Non-atypical EH = SH or CH.

RRs are adjusted for age at index biopsy, date of index biopsy, interval between EH and carcinoma (for cases) or matched censoring date (for controls), BMI at the time of EH diagnosis, MPA-based treatment for EH, and follow-up biopsies.

For EIN classification, 9 cases and 4 controls were judged to be inadequate for EIN classification (RR=2.19, 95% CI, 0.44–10.82). Another 3 case and 3 control slides were not available for review.

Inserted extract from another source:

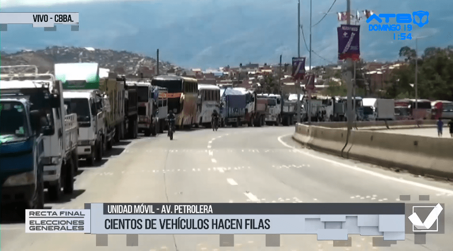 Filas de camiones en Cochabamba por escasez de diésel afectan votación

The RR for EIN, compared with benign, was 7.76 (95% CI, 3.36–17.91). The RR for an index biopsy that was called cancer by the EIN panel was 17.11 (95% CI, 4.18–70.10), based on 13 cases and 10 controls. Combining these patients with the EIN group produced an RR of 8.95 (95% CI, 4.06–19.74) for EIN-or-cancer (55 cases, 75 controls), compared with benign. Figure 1 shows the overlap between those combinations and their respective RRs. Excluding these 13 cases and 10 controls from the progression risks based on the panel WHO produced RRs for non-atypical EH (2.25, 95% CI, 1.07–4.73) or AH (10.66, 95% CI, 3.73–30.47) that were similar to the RRs based on 138 cases and 241 controls. Note that the slides from another 13 cases (6.1% of all potential cases) and 3 controls (0.7% of all potential controls) whose index biopsies were called cancer by the WHO panel (7) were not included in the EIN diagnostic review and are not included in any of the analyses presented here.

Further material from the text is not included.